Data

SwiftKey provided three training data sets as text files. These data sets include text scraped from Twitter, blogs, and news sources, and were read into R using the readLines function, then converted to tibbles for exploratory analysis. Each row in the data sets corresponds to a single tweet or line from a blog or news article.

Exploratory Analysis

We begin by reporting summary statistics from each of the three data sources, shown in the table below. Length refers to the number of characters in each line from the data source.

Data Source Lines Mean Length Median Length St Dev Length
Twitter 2360148 68.68045 64 37.22725
Blogs 899288 229.98695 156 258.66081
News 1010242 201.16285 185 133.21714

In addtion, we can view density plots of the line length from each data source. Note that this data from Twitter has a maximum of 144 characters. For the density plots for blog and news sources, we plot based on base ten log of number of characters, as the maximum number of characters are 40833 and 11384, respectively.

To build a predictive text algorithm, we must break down each line by word.
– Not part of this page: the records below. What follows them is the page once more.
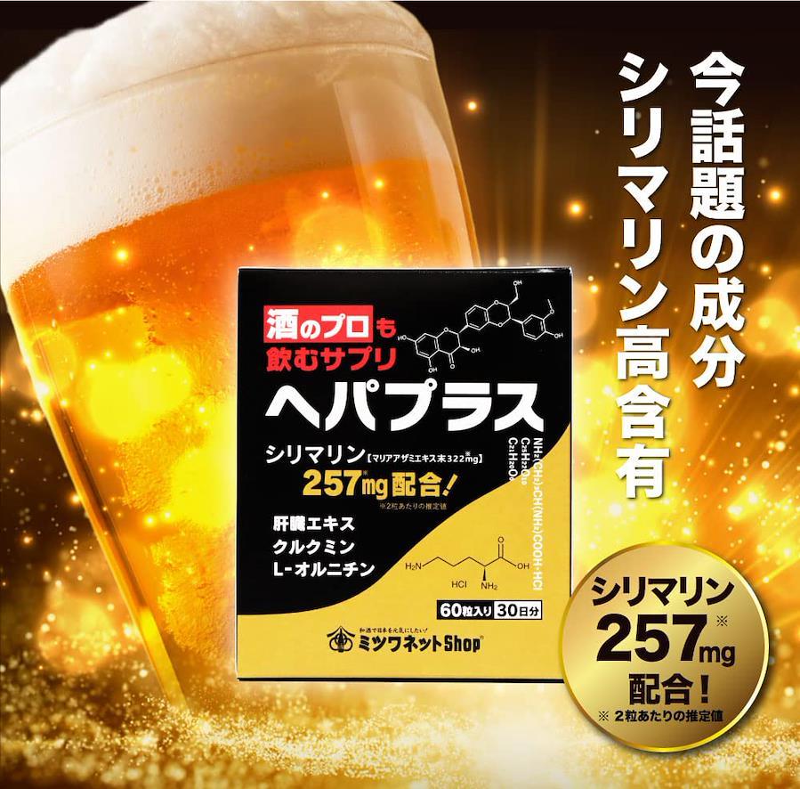 ■サイズ:??10x8x2cm;40g■商品名 酒のプロも飲むサプリ ヘパプラス■名称 マリアアザミエキス末含有加工食品■原材料名 マリアアザミエキス末(中国製造)、豚肝臓酵素分解物(豚肝臓酵素分解物、デキストリン)、ウコン抽出物、L-オルニチン塩酸塩/結晶セルロース、微粒二酸化ケイ素、ステアリン酸Ca■内容量 24g(400mg×60粒)■栄養表示成分 1日2粒(800mg)当たり エネルギー:2.99kcal、たんぱく質:0.25g、脂質:0.02g、炭水化物:0.002g、食塩相当量:0.002g■お召し上がり方栄養補助食品として1日2粒を目安に水またはぬるま湯とともにお召し上がりください。※ご注意■原材料をご参照の上、食品アレルギーのある方はお召し上がりにならないでください。■体質、体調に合わない場合は、使用を中止し、医師にご相談ください。■疾病治療中の方、及び妊娠・授乳中の方は医師にご相談の上お召し上がりください。■乳児の手の届かないところに保管してください。■天然物を使用しているため色や風味が多少変わる場合がありますが、品質には問題ありません。■賞味期限 商品箱裏面に記載■保存方法 高温多湿を避け、直射日光の当たらない場所に保存してください。■加工所 有限会社ヤベコー■千葉県茂原市緑が丘3丁目1番地1■販売者 有限会社ミツワ酒販東京都練馬区貫井4-24-14 ミツワビル2FTEL:03-3999-7075 酒のプロも飲むサプリ ヘパプラス マリアアザミエキス末含有加工食品 内容量:24g(400mg×60粒) ■重要なお知らせ原材料・成分マリアアザミエキス末(中国製造)、豚肝臓酵素分解物(豚肝臓酵素分解物、デキストリン)、ウコン抽出物、L-オルニチン塩酸塩/結晶セルロース、微粒二酸化ケイ素、ステアリン酸Ca
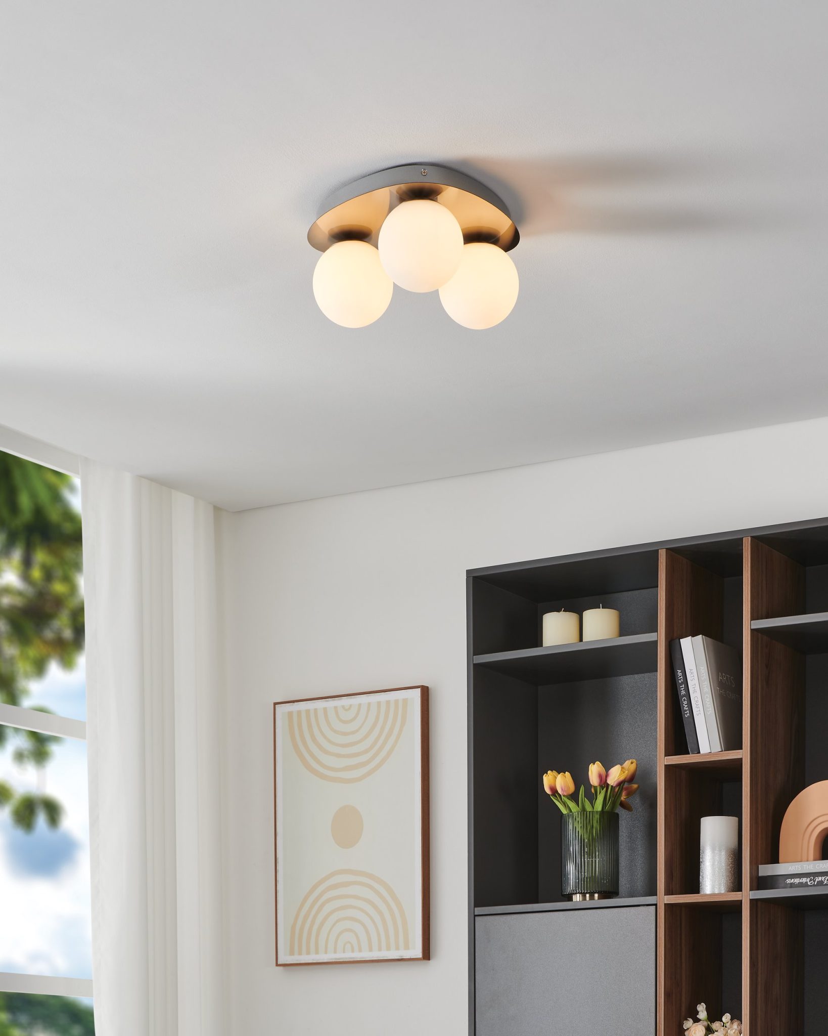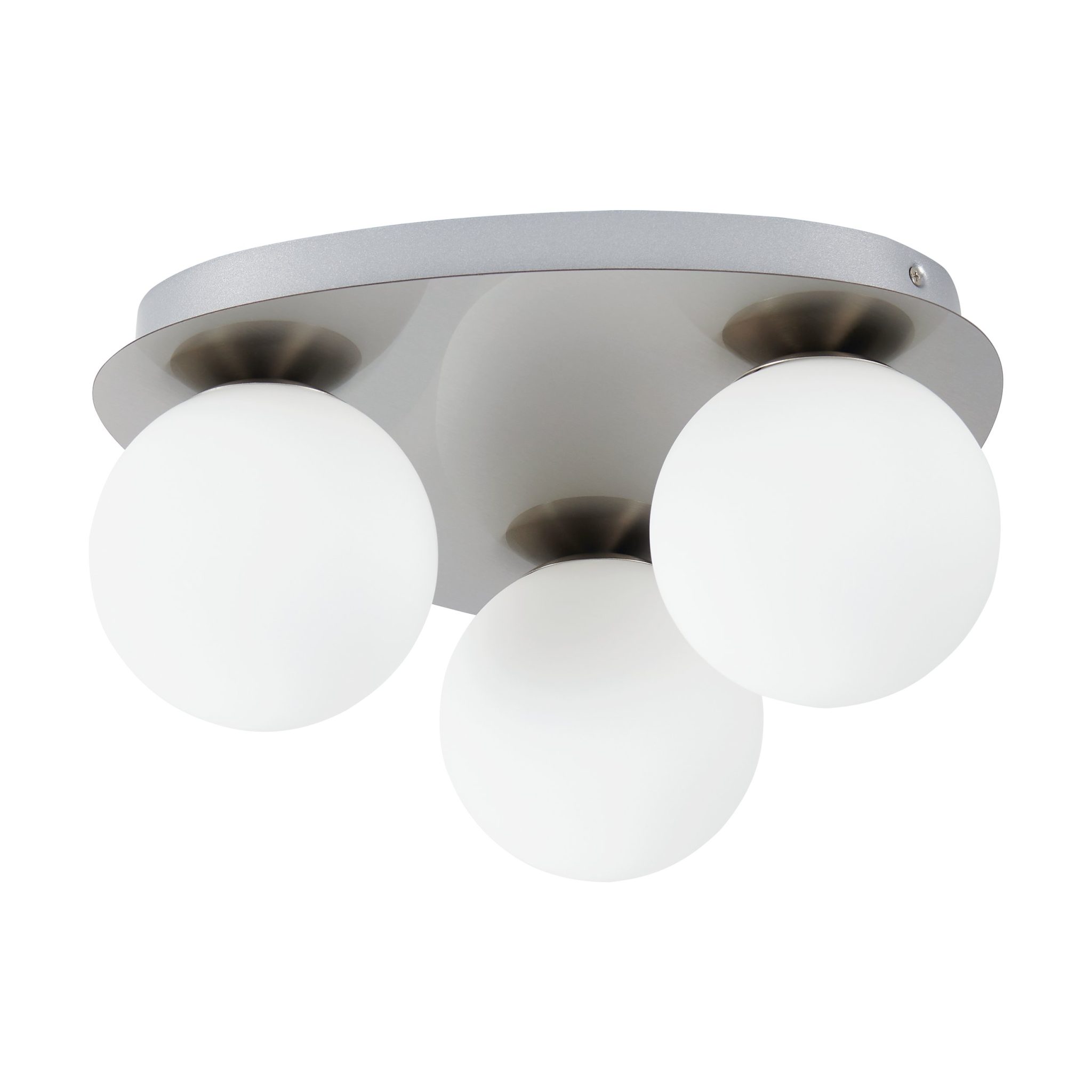 Découvrez le Castrovido plafonnier 12 po à 3 lumières nickel brossé avec abat-jours en verre blanc
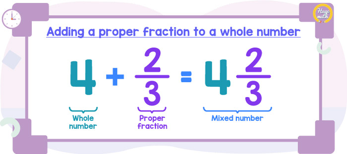 Recall that a proper fraction is a fraction where the numerator is less than the denominator. Also, a mixed number is the sum of a whole number and a proper fraction.
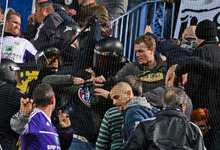Los agentes cargaron contra un grupo de hinchas belgas, que causaron destrozos tanto dentro como fuera de La Rosaleda.
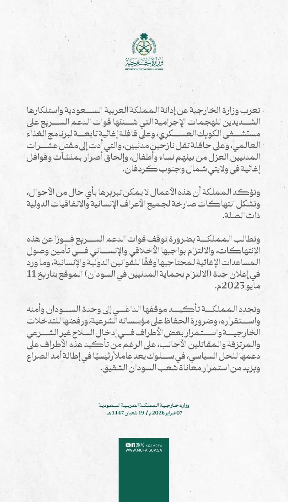 *وزارة الخارجية*: المملكة تطالب بضرورة توقف قوات الدعم السريع فورًا عن هذه الانتهاكات، والالتزام بواجبها الأخلاقي والإنساني في تأمين وصول المساعدات الإغاثية لمحتاجيها وفقًا للقوانين الدولية والإنسانية، وما ورد في إعلان جدة (الالتزام بحماية المدنيين في السودان) الموقع بتاريخ 11 مايو 2023م.
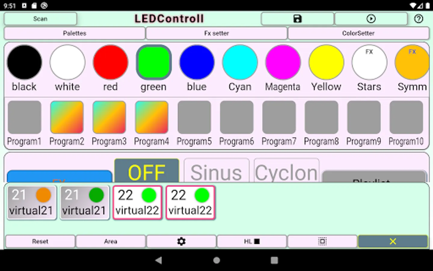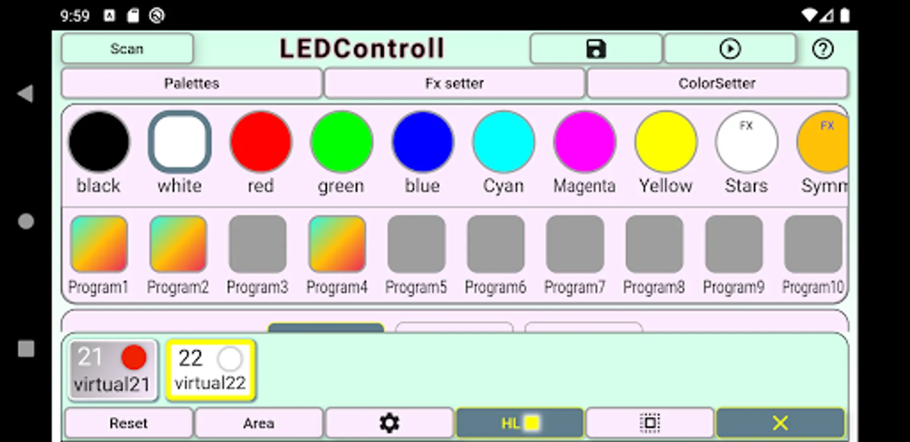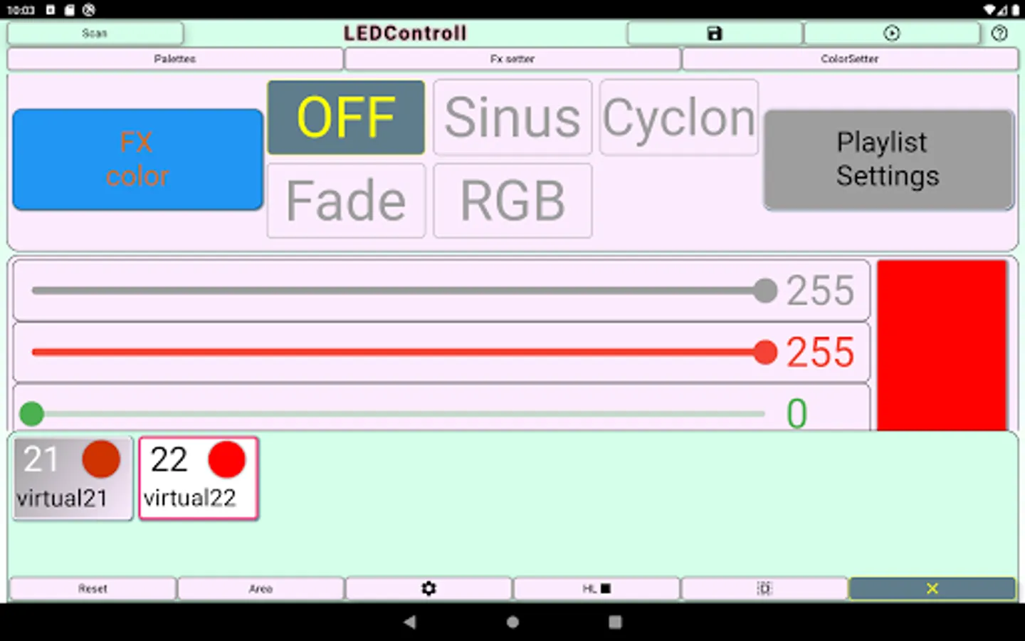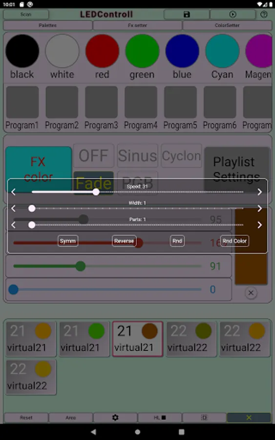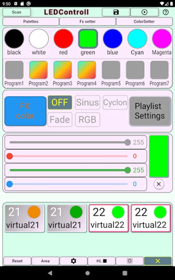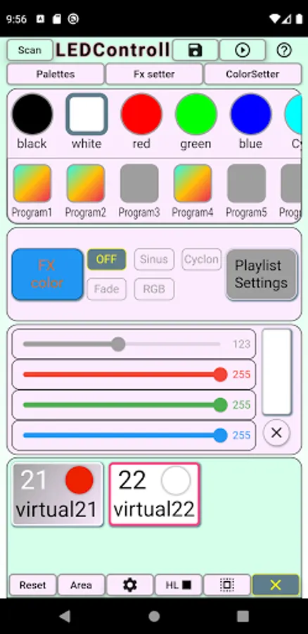 - store color combinations and effects in application for further reuse

After filtering to remove the most common words (stop words), we then filter for profanity. We use a list of banned words previously developed by Google and found on the user RobertJGabriel’s GitHub. We then sort by the most frequent words in each data set, the top 15 of which are shown in the table below.

Fifteen Most Frequent Words by Data Source
Twitter
Word Frequency
just 151115
like 122455
get 112459
love 106721
good 101026
day 91710
can 89847
thanks 89660
rt 89537
now 83986
one 82858
know 79916
u 77531
time 76794
great 76139
Blog
Word Frequency
one 127287
just 100793
like 100442
can 98420
time 90918
get 71093
know 60496
now 60358
people 59574
also 55366
new 54847
day 52372
even 52174
first 51634
back 51306
News
Word Frequency
said 250418
one 88794
year 76765
new 70773
two 63867
can 58924
also 58786
first 57866
time 57062
just 53350
last 52079
like 50829
state 50095
people 47666
years 46969

We can also see how frequently unique words appear in each source after filtering. The plot below shows the base ten log of the frequency of each word in the Twitter data set, where the horizontal axis is given by word frequency rank. We do not show the analogous plots for the other two data sets, as they exhibit the same behavior as the plot for Twitter.

To have an effective predictive algorithm, we must be able to find the frequencies of pairs of words in each data set. The table below shows, for each data set, the fifteen most common ordered word pairings after filtering for stop words and profanity.

Fifteen Most Frequent Pairs of Words by Data Source
Twitter
Word 1 Word 2 Frequency
happy birthday 8389
social media 3886
mother’s day 2874
stay tuned 2657
mothers day 2572
san diego 2232
rt rt 2106
happy friday 1952
1 2 1919
ice cream 1899
happy hour 1859
beautiful day 1813
happy mothers 1769
lol rt 1646
tomorrow night 1605
Blogs
Word 1 Word 2 Frequency
1 2 3976
weeks ago 1606
ice cream 1585
1 4 1469
social media 1342
jesus christ 1314
south africa 1153
real life 1145
3 4 1108
10 minutes 1072
olive oil 1059
feel free 1014
blog post 997
months ago 983
30 minutes 968
News
Word 1 Word 2 Frequency
st louis 9329
los angeles 5333
30 p.m 4493
san francisco 4478
health care 4009
vice president 2906
1 2 2885
san diego 2712
7 p.m 2275
white house 2249
30 a.m 2188
law enforcement 2170
executive director 2156
real estate 2062
supreme court 2052

Our predictive model will use the relative frequencies of ordered word pairs and ordered word triples to predict a word based on the two words preceeding it in the training data set. For words input in the algorithm that do not appear in the training set, the algorithm will average over the training set to generate a suggested word.